▶ ABOUT THIS TASK
The expected output is the full set of entries, printed exactly, without pictures.

▶ MATERIAL TO PROCESS
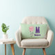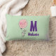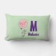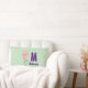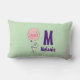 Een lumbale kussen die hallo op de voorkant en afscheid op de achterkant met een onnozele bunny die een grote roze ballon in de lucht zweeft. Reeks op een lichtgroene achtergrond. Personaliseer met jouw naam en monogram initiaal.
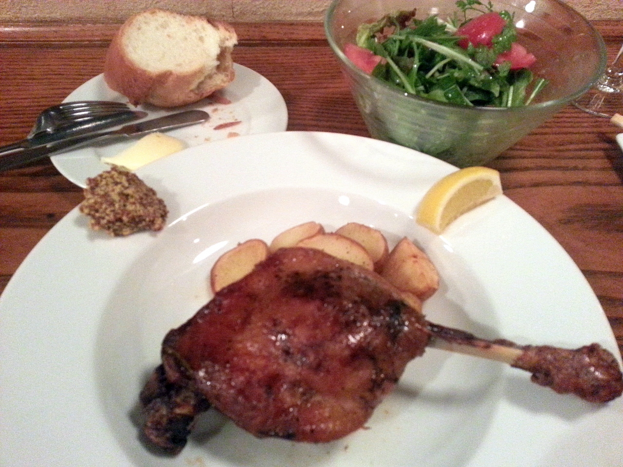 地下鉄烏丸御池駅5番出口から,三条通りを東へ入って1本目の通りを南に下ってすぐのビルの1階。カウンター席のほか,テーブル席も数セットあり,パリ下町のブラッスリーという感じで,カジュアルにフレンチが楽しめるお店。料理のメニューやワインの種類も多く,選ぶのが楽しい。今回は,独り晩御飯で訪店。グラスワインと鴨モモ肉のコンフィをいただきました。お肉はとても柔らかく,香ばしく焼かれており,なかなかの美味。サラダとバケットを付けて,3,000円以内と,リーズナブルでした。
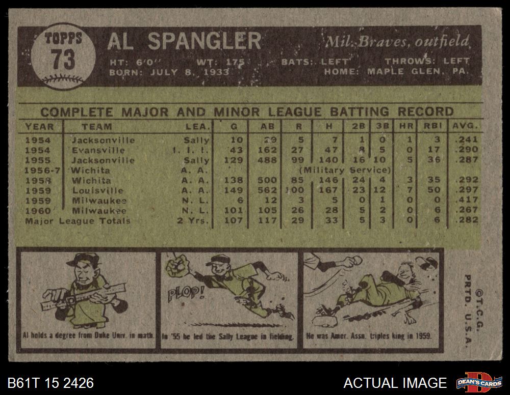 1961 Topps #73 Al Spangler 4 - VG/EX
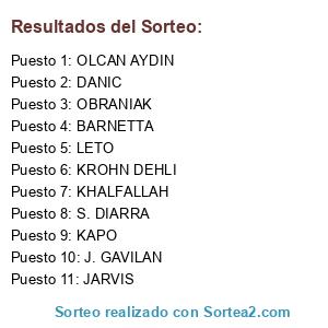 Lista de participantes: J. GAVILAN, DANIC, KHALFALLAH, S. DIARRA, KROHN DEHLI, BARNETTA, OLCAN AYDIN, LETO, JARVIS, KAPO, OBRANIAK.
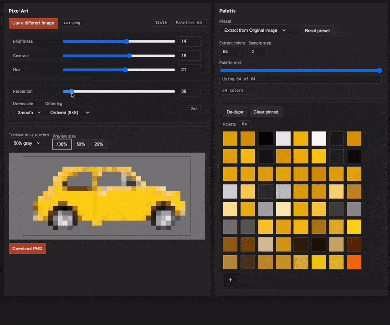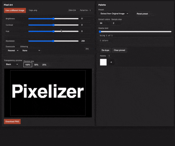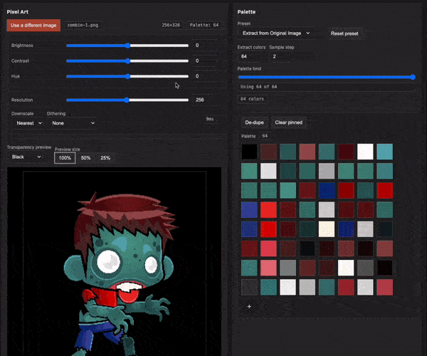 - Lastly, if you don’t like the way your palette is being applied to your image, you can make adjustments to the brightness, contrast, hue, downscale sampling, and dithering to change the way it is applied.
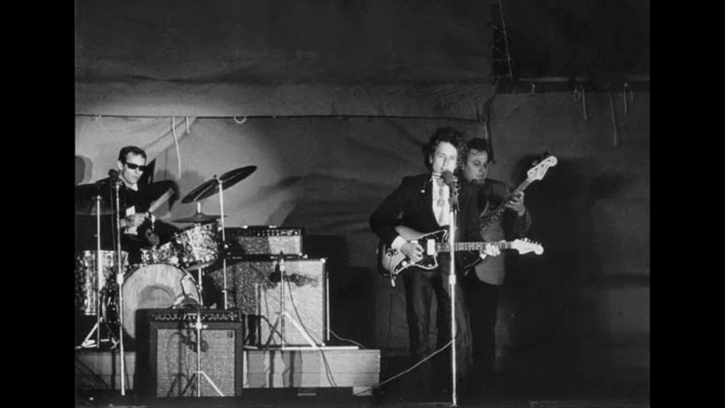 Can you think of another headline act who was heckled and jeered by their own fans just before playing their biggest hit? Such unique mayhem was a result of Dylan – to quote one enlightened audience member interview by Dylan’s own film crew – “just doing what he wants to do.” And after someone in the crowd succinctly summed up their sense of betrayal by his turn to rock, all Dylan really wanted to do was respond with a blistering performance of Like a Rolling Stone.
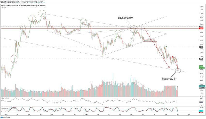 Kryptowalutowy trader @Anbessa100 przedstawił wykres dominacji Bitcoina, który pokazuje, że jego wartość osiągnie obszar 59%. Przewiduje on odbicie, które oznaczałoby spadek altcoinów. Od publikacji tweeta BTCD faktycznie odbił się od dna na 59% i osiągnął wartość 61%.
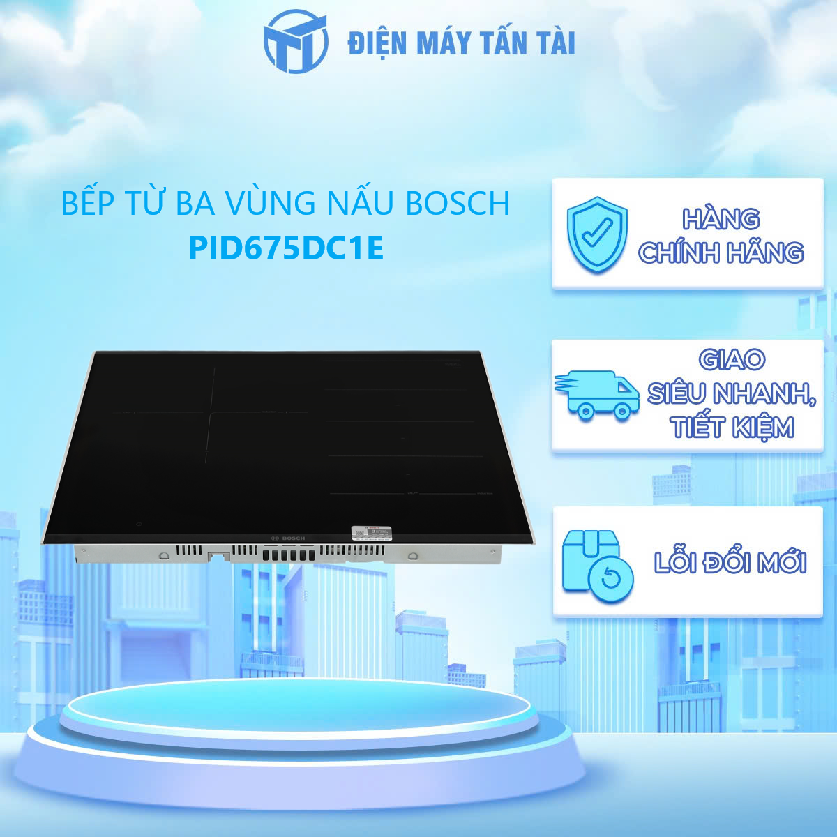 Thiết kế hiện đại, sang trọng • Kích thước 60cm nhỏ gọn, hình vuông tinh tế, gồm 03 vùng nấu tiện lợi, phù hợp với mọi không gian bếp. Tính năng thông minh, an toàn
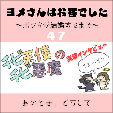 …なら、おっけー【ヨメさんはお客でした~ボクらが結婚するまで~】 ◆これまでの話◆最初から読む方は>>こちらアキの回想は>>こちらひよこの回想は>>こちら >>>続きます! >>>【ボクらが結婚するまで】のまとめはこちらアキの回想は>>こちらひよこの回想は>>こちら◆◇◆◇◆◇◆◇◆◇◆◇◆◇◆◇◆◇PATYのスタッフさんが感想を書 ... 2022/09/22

▶ REPLY TO THE EXERCISE
 Een lumbale kussen die hallo op de voorkant en afscheid op de achterkant met een onnozele bunny die een grote roze ballon in de lucht zweeft. Reeks op een lichtgroene achtergrond. Personaliseer met jouw naam en monogram initiaal.
 地下鉄烏丸御池駅5番出口から,三条通りを東へ入って1本目の通りを南に下ってすぐのビルの1階。カウンター席のほか,テーブル席も数セットあり,パリ下町のブラッスリーという感じで,カジュアルにフレンチが楽しめるお店。料理のメニューやワインの種類も多く,選ぶのが楽しい。今回は,独り晩御飯で訪店。グラスワインと鴨モモ肉のコンフィをいただきました。お肉はとても柔らかく,香ばしく焼かれており,なかなかの美味。サラダとバケットを付けて,3,000円以内と,リーズナブルでした。
 1961 Topps #73 Al Spangler 4 - VG/EX
 Lista de participantes: J. GAVILAN, DANIC, KHALFALLAH, S. DIARRA, KROHN DEHLI, BARNETTA, OLCAN AYDIN, LETO, JARVIS, KAPO, OBRANIAK.
 - Lastly, if you don’t like the way your palette is being applied to your image, you can make adjustments to the brightness, contrast, hue, downscale sampling, and dithering to change the way it is applied.
 Can you think of another headline act who was heckled and jeered by their own fans just before playing their biggest hit? Such unique mayhem was a result of Dylan – to quote one enlightened audience member interview by Dylan’s own film crew – “just doing what he wants to do.” And after someone in the crowd succinctly summed up their sense of betrayal by his turn to rock, all Dylan really wanted to do was respond with a blistering performance of Like a Rolling Stone.
 Kryptowalutowy trader @Anbessa100 przedstawił wykres dominacji Bitcoina, który pokazuje, że jego wartość osiągnie obszar 59%. Przewiduje on odbicie, które oznaczałoby spadek altcoinów. Od publikacji tweeta BTCD faktycznie odbił się od dna na 59% i osiągnął wartość 61%.
 Thiết kế hiện đại, sang trọng • Kích thước 60cm nhỏ gọn, hình vuông tinh tế, gồm 03 vùng nấu tiện lợi, phù hợp với mọi không gian bếp. Tính năng thông minh, an toàn
 …なら、おっけー【ヨメさんはお客でした~ボクらが結婚するまで~】 ◆これまでの話◆最初から読む方は>>こちらアキの回想は>>こちらひよこの回想は>>こちら >>>続きます! >>>【ボクらが結婚するまで】のまとめはこちらアキの回想は>>こちらひよこの回想は>>こちら◆◇◆◇◆◇◆◇◆◇◆◇◆◇◆◇◆◇PATYのスタッフさんが感想を書 ... 2022/09/22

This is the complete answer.